這頓便飯吃的很快,祝元穗知曉燕淮來尋祝祁安有其他事情。
吃飽後便撂下碗筷,自個兒散步去了。
涼亭裏隻剩下祝祁安與燕淮二人,石桌上杯盤已撤,隻餘清茶兩盞。
祝祁安端起茶盞,目光落在燕淮吊着的手臂上。
他早想尋個時間去探望,但總不得空。
正好今日燕淮登門,祝祁安還有些歉疚。
“殿下手傷可好些了,有什麽吩咐盡管開口,祝家定會替長姐還這個人情。”
燕淮眼皮微擡,“護她……本就是我該做的。”
他說得極輕,仿佛隻是一聲歎息。
祝祁安敏銳地捕捉到“該做的”三個字背後的分量,心中微動。
他放下茶盞。
“殿下與長姐前些日子還針鋒相對,如今這事兒發生,和長姐的關系可好了些?”
燕淮摩挲扇柄的指尖頓住。
心中泛起一絲難以言喻的澀然。
祝元穗看向他的眼神依然帶着防備、警惕。
偶爾還有客套。
縱然這些天,他十分努力,可……太難了。
一絲疲憊混雜着無奈悄然爬上燕淮的心頭。
但随之而來的是,甘之如饴。
他曾以後那些裂痕永遠無法彌補。
可如今,祝元穗活生生站在他面前。
燕淮喉結無聲地滾動了一下,再擡眼時,眸中已斂去了所有翻湧的情緒,隻餘下疏懶的平靜。

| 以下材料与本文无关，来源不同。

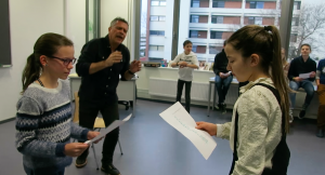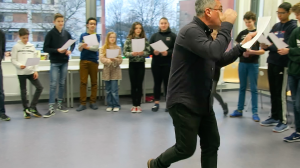 Les élèves ont réalisé des exercices théâtraux (placement de la colonne d’air, respirations, articulation) qui leur ont permis de se préparer aux répétitions de la pièce de théâtre Mangfold.

他端起自己面前的茶盞,用左手不甚靈便地抿了一口,壓抑着濃烈情意:“十年離散,豈是朝夕可解?放心,我自有辦法。”
祝祁安看着他志在必得的側臉,心中發顫,思索着依照長姐那性格……
燕淮怕是道阻且長。
他心中微歎,長姐的心結,燕淮的執着,這局棋,旁人插不上手。
燕淮換了話題,似是不想繼續聊下去。
與祝祁安商議了一下公事,他便離開。
祝祁安也随着他的後腳出了祝府。
過些日子便是林月妩的生辰了,他想送件獨特又好看的禮物。
與此同時,文淵閣通往祝府的一條青石小徑上。
一輛馬車停在巷口。
車内,林月妩身着一襲素雅的月白襦裙,手中捏着一本書卷。
蔥白的手指有意無意地翻弄着書頁,眼神卻時不時看向車窗外,飄向巷口。
當那道熟悉的挺拔如修竹的身影甫一出現在視線盡頭,林月妩眼底瞬間漫上恰到好處的無辜。
祝祁安乍然瞧見這馬車,面上一喜。
往前幾步,拱手作揖:“林小姐,好巧。”
林月妩嗯了一聲,好似賞臉,微微垂眸,瞧着祝祁安滿目喜色盯着自己,不露痕迹地皺皺眉。
“祝大人,這是要往何處去?”
祝祁安歡歡喜喜回應:“想着過些日子……”
話沒說完,突覺不對,祝祁安咳了一聲:“有些急事,現下去處理。”
林月妩眼底一沉,正欲說話,又聽祝祁安說道:“在下不便打擾,林小姐,過兩日見。”
說着,便是轉身,朝着京中首飾鋪子金銀閣去了。
林月妩驟然捏緊手中帕子,面色一陣青一陣白。
好你個祝祁安,現如今倒是躲起她來了!
祝祁安絲毫不知她心中所想。
去金銀閣打聽了一番,得知最近有一套精美頭面,沒有哪家姑娘不喜歡的。
但這頭面被放置在四家分鋪,掌櫃說派人去取,祝祁安卻揮了揮手。
“月妩的禮物,我親自去取吧。”
送禮講究心誠,更求毅力。
往年林月妩生辰,他雖也用心準備,卻不至于大費周章四處搜羅。
而她收下時總是溫婉道謝,然後便束之高閣。
他曾暗自揣度過,是否因那些禮物不便攜帶,無法在人前彰顯心意。
如今竟有這麽一套頭面,還是這般需要心意才能集齊的。
若是能将其作爲禮物,送給林月妩。
看她日日簪戴發間,行走于人前……
便是想想,就覺得難以言喻的歡快。
而此時林月妩的馬車就在金銀閣不遠處,聽丫鬟跟自己彙報,祝祁安對金銀閣那套極難弄到的頭面感興趣,還是送給自己的。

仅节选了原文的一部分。